DESCRIPTION OF THE TASK | From the line containing "蛋糕,装饰,黄色,粉色,蛇,编织,橙色,玩偶,舌头,星星" to the last line of the data below, copy everything exactly and nothing else; pictures stay out.

DATA EXTRACT |
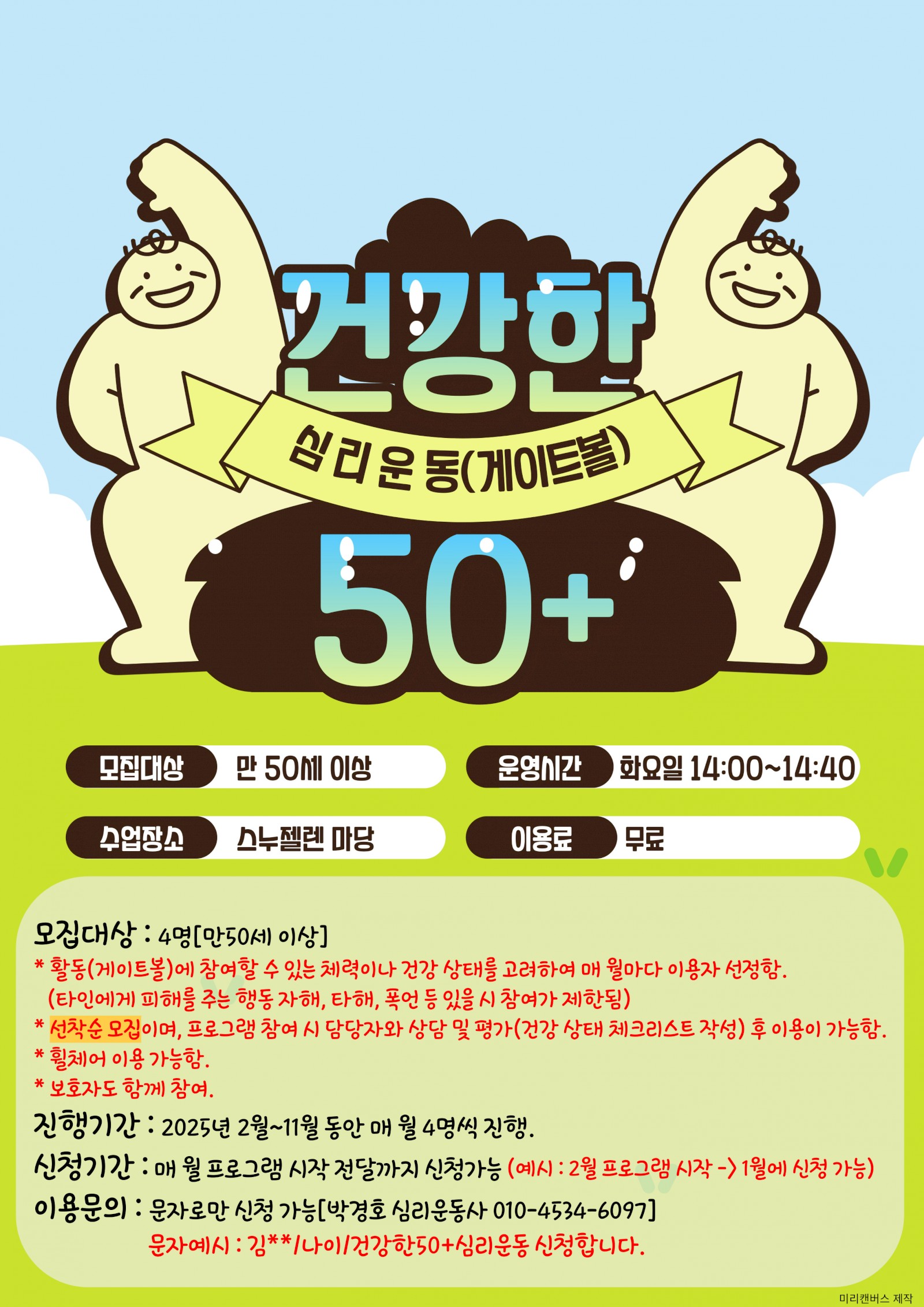 ※ 문자예시 : 김**/나이/건강한 50+ 심리운동 신청합니다.
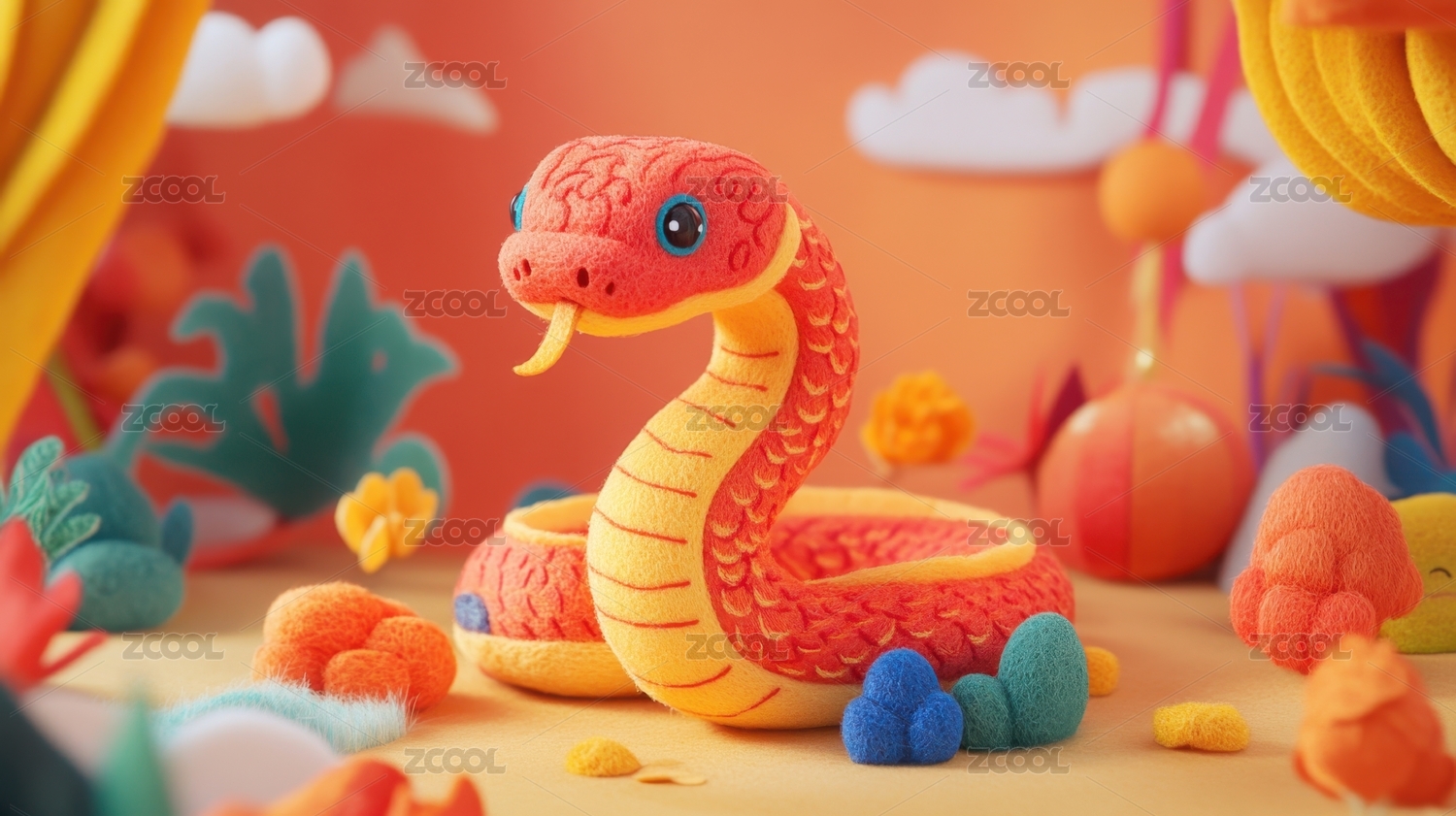 蛋糕,装饰,黄色,粉色,蛇,编织,橙色,玩偶,舌头,星星
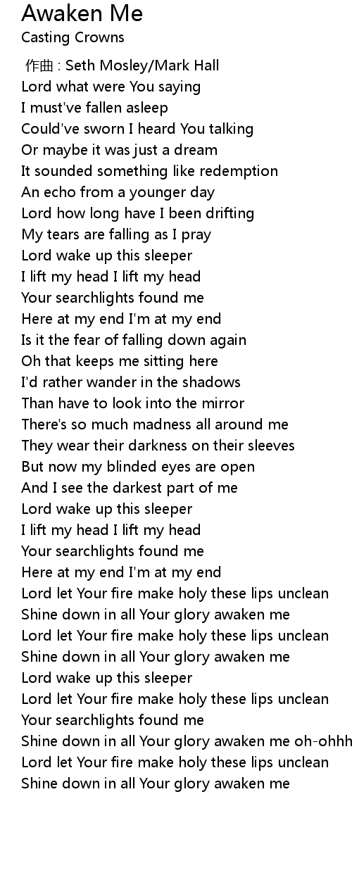 | [04:21.31] | Shine down in all Your glory awaken me ohohhhohh |
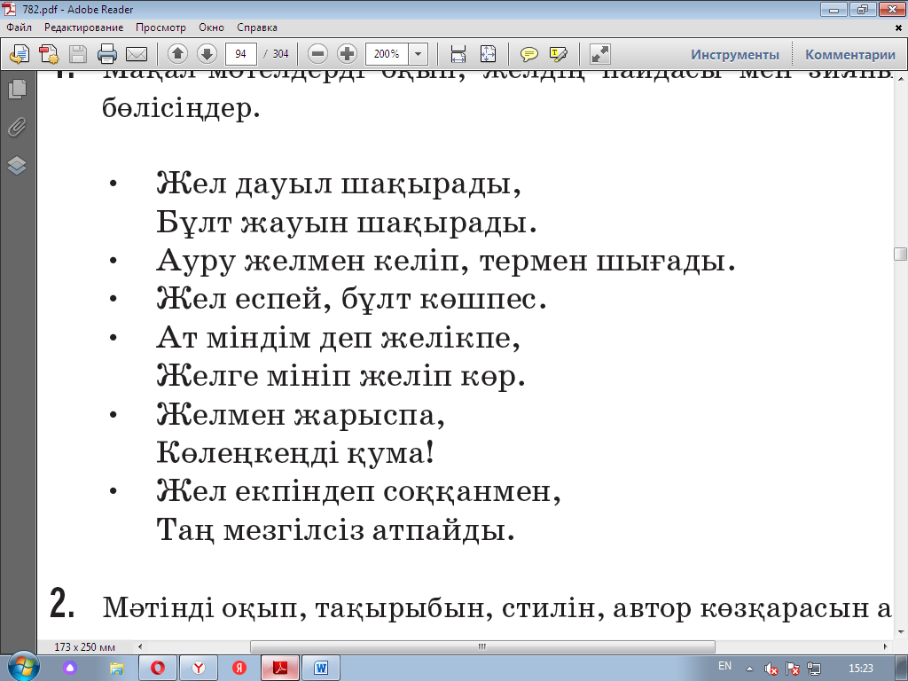 Мақал-мәтелдерді оқып, желдің пайдасы мен зияны туралы ой бөлісіңдер.

FINISHED TASK |
 蛋糕,装饰,黄色,粉色,蛇,编织,橙色,玩偶,舌头,星星
 | [04:21.31] | Shine down in all Your glory awaken me ohohhhohh |
 Мақал-мәтелдерді оқып, желдің пайдасы мен зияны туралы ой бөлісіңдер.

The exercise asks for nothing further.